Comparative mapping with the aforementioned fish species allowed us to: (i) detect the misassembly of four major scaffolds (s00001, s00003, s00008, and s00016), which were in turn disassembled and then anchored to specific LGs (Supplementary File 1: Fig. S2, Table S4); (ii) anchor 61 additional scaffolds, thus increasing the mapping coverage up to 489 Mb (89.9% of turbot genome) (Supplementary Table S9); and (iii) assign 20 of 27 unlinked markers to specific LGs (Supplementary Table S4).
Paralogous relationships between the 22,751 turbot genes were initially hypothesized using a second best hit reciprocal BLAST strategy, leading to 3,035 putative paralogous pairs. An additional filtering was applied and only those pairs with the same assigned KO code were retained, constituting a consistent set of 1,858 pairs of paralogues (Supplementary Table S10). A circle diagram (Supplementary File 1: Fig. S6) and an oxford plot (Supplementary File 1: Fig. S7) were constructed with paralogous pairs using the 156 anchored scaffolds, and important syntenic blocks were identified between pairs of chromosomes. While in some cases, a 1:1 relationship was highly supported (LG3–LG23, LG4–LG6, LG10–LG11, LG12–LG14), in other cases, three or more LGs were involved, suggesting genomic reorganizations of homeologous chromosomes arisen from the teleost genome duplication.1
To ascertain the evolution of the turbot genome, we reconstructed the evolutionary histories of all identified turbot genes along with those of another 17 sequenced teleosts (Supplementary File 1: Table S1) with the phylomeDB pipeline.18 Gene family trees were analysed to predict orthologous and paralogous relationships, thus complementing the previous analysis. This approach enabled us to detect and date duplication events and to transfer functional annotations from one-to-one orthologues. All trees and alignments are available through PhylomeDB (www.phylomeDB.org, PhylomeID=18). We reconstructed the evolutionary relationships of the species under study by concatenating the alignments of 389 genes that were present in single copy in all analysed species and by building a super-tree combining all individual gene trees from the phylome. Both approaches resulted in the same, highly supported topology (Fig. 2), which is largely consistent with the reported relationships of the studied species.23 Our phylogeny shows that tongue sole is the closest species to turbot and that these two species are grouped with G. aculeatus, as previously suggested.24 This group is closer to the clade containing Oryzias, Oreochromis, and Xiphophorus than to the one containing Tetraodon and Takifugu, a relationship not recovered when a smaller set of genes was used.23 Then we mapped to this species tree the duplications detected in all gene trees and computed duplication densities per branch in all lineages leading to turbot (Fig. 2). Our results show the largest peaks of duplication densities at the base of vertebrates and at the base of teleosts (only represented by Otomorpha species in this study), which correspond to the known rounds of ancestral genome duplications. Interestingly, a notable duplication density was detected within Pleuronectiformes when comparing turbot against tongue sole (0.036). We found that genes families duplicated at the teleost whole genome duplication are enriched in ion transporters (calcium, potassium) related to osmoregulation as previously reported.25
Adaptation to benthic life style
As the genetic basis of adaptation to the particular benthic life conditions of this species was unknown, we examined genomic expansions and signals of positive selection from turbot paralogues and candidate genes, respectively. We identified gene families related to vision and to cell membrane composition that duplicated in the turbot genome when compared with other fish species. Also, 25 significantly enriched KEGG pathways (FDR <5%) were identified in the list of paralogues associated with immune system, membrane functions, lipid and amino acid metabolism, olfactory system and detoxification processes (Supplementary Table S11).

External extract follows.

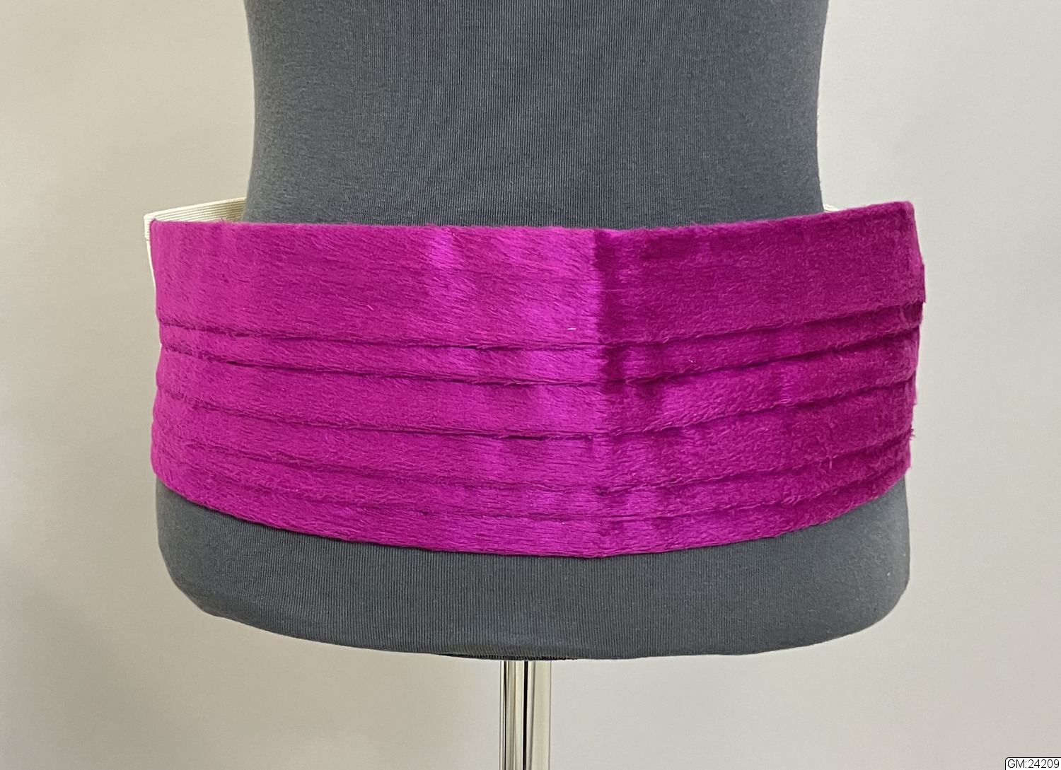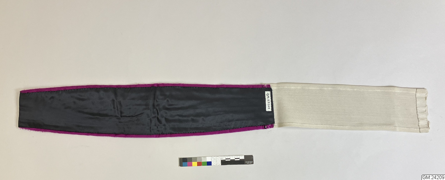 • Från katalogkort: Skärp av violett (cerise) silkesfelb och resår. Bredd 9,5-12 cm

Rhodopsin (RH), and specifically the green-sensitive opsin, is the primary pigment of rod photoreceptors enabling vision in low light conditions, such as those existing in the sea bottom.26 We found duplications of two green-sensitive RH genes in the turbot genome (rh2a, rh2b) when compared with the genomes of 10 different fish species, including the flatfish tongue sole1 (Fig. 3). An additional fifth RH rh2 gene and another one sensitive to ultraviolet light were also detected in the turbot genome but they were missing in the tongue sole. Altogether, turbot shows the highest number of green-sensitive opsins (5) among the fish species studied. Additionally, turbot showed six copies of β-crystalline b (crybb) genes, a number similar to model fish, while the tongue sole has only one. Interestingly, we detected in turbot 15 copies of gamma-crystalline m2 (crygm2) and 10 copies of gamma-crystalline m3 (crygm3), genes that usually appear in only two copies in model teleosts, excluding zebrafish. No signals of positive selection were detected between duplicated opsin 2 genes of turbot with regard to other fish species from the estimated ratio of non-synonymous (Ka) vs synonymous (Ks) rates (Ka/Ks = 0.071–0.258; Supplementary Table S12; Fig. 3), nor with the remaining opsin genes (opsins UV: 0.140–0.390; RHs: 0.053–0.183).
The most important biochemical response of poikilothermic organisms to environmental cooling is to increase unsaturated fatty acids of both membrane and depot lipids.27 Accordingly, tissues of marine fish contain higher amounts of membrane polyunsaturated fatty acids (PUFA) than other vertebrate taxa.28 PUFA content within fish is also variable according to their optimal living temperature. Since PUFA are particularly susceptible to peroxidation, phospholipid hydrolysis by phospholipase A2 (PLA2) and subsequent reduction by glutathione, dependent-glutathione peroxidase (GPx) are required to prevent oxidative damage.29 In turbot, we identified five copies of pla2 and two copies of gpx1 genes (Fig. 4). Furthermore, we could detect signals of positive selection in three pla2 genes (turbot2, turbot3, and turbot4; Fig. 4) which showed consistent positive Ka/Ks values between them (Supplementary Table S12). The only fish species with more pla2 copies than turbot is the cod (Gadus morhua) (6) which lives in very cold waters, while all other fish show two copies at most. Two copies of gpx1 are also found in other fish species, but not in the tongue sole (1 copy). We also identified two copies of the glutathione synthetase gene (gss) in turbot (Fig. 4), an enzyme involved in glutathione synthesis, thus being the only fish species with two gss copies.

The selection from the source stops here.